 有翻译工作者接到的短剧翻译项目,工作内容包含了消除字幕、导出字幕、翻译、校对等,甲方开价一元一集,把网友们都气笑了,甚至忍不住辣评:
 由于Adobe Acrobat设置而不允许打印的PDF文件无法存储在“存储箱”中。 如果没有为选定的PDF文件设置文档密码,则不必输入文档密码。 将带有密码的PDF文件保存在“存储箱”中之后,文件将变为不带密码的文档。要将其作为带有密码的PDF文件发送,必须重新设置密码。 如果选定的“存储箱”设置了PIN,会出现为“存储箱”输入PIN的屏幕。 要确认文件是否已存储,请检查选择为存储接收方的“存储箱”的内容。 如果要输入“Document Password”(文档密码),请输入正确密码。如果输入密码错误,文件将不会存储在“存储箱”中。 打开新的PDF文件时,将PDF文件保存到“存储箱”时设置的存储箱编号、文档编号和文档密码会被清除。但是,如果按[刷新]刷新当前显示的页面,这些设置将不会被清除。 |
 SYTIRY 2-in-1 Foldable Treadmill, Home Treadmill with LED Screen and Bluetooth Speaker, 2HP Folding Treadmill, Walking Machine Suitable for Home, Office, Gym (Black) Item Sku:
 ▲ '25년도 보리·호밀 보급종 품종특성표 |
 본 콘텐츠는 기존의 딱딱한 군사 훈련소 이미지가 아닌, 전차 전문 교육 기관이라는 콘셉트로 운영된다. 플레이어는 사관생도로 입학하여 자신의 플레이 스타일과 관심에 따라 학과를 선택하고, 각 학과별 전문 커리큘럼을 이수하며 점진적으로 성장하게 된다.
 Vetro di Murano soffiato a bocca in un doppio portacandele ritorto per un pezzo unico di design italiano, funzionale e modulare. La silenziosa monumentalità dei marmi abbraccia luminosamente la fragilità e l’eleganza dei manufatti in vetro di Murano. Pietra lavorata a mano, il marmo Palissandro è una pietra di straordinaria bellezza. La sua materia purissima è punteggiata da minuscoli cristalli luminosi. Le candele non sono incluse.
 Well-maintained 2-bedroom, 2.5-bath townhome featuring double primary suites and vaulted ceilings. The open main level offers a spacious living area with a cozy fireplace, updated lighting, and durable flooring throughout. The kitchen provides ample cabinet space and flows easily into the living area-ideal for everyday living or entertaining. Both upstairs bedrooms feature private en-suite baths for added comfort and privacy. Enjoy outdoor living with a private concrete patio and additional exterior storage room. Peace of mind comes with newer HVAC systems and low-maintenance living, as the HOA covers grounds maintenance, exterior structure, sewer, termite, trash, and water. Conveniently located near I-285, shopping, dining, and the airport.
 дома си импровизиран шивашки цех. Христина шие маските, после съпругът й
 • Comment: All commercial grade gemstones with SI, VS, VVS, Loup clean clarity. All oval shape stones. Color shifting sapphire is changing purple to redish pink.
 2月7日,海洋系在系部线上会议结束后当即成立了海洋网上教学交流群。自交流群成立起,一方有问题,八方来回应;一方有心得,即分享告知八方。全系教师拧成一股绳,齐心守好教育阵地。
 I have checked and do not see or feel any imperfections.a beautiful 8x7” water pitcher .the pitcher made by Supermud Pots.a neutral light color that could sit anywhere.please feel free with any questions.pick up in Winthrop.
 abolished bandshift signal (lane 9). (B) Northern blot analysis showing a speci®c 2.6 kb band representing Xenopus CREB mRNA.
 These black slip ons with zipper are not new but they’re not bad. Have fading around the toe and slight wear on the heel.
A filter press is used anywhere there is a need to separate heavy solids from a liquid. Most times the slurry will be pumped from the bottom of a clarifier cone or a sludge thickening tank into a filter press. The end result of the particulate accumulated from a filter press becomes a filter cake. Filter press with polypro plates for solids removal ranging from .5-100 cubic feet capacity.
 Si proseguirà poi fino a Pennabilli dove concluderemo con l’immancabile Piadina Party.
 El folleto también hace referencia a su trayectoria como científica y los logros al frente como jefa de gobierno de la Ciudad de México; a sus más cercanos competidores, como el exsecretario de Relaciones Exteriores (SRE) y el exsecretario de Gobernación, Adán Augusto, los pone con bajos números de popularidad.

- - - - -

= Problem details =
Set down, unchanged, only those lines above that fall between the line with "Well-maintained 2-bedroom, 2.5-bath" and the line with "Si proseguirà poi", the two end lines included.

= Task response =
 Well-maintained 2-bedroom, 2.5-bath townhome featuring double primary suites and vaulted ceilings. The open main level offers a spacious living area with a cozy fireplace, updated lighting, and durable flooring throughout. The kitchen provides ample cabinet space and flows easily into the living area-ideal for everyday living or entertaining. Both upstairs bedrooms feature private en-suite baths for added comfort and privacy. Enjoy outdoor living with a private concrete patio and additional exterior storage room. Peace of mind comes with newer HVAC systems and low-maintenance living, as the HOA covers grounds maintenance, exterior structure, sewer, termite, trash, and water. Conveniently located near I-285, shopping, dining, and the airport.
 дома си импровизиран шивашки цех. Христина шие маските, после съпругът й
 • Comment: All commercial grade gemstones with SI, VS, VVS, Loup clean clarity. All oval shape stones. Color shifting sapphire is changing purple to redish pink.
 2月7日,海洋系在系部线上会议结束后当即成立了海洋网上教学交流群。自交流群成立起,一方有问题,八方来回应;一方有心得,即分享告知八方。全系教师拧成一股绳,齐心守好教育阵地。
 I have checked and do not see or feel any imperfections.a beautiful 8x7” water pitcher .the pitcher made by Supermud Pots.a neutral light color that could sit anywhere.please feel free with any questions.pick up in Winthrop.
 abolished bandshift signal (lane 9). (B) Northern blot analysis showing a speci®c 2.6 kb band representing Xenopus CREB mRNA.
 These black slip ons with zipper are not new but they’re not bad. Have fading around the toe and slight wear on the heel.
A filter press is used anywhere there is a need to separate heavy solids from a liquid. Most times the slurry will be pumped from the bottom of a clarifier cone or a sludge thickening tank into a filter press. The end result of the particulate accumulated from a filter press becomes a filter cake. Filter press with polypro plates for solids removal ranging from .5-100 cubic feet capacity.
 Si proseguirà poi fino a Pennabilli dove concluderemo con l’immancabile Piadina Party.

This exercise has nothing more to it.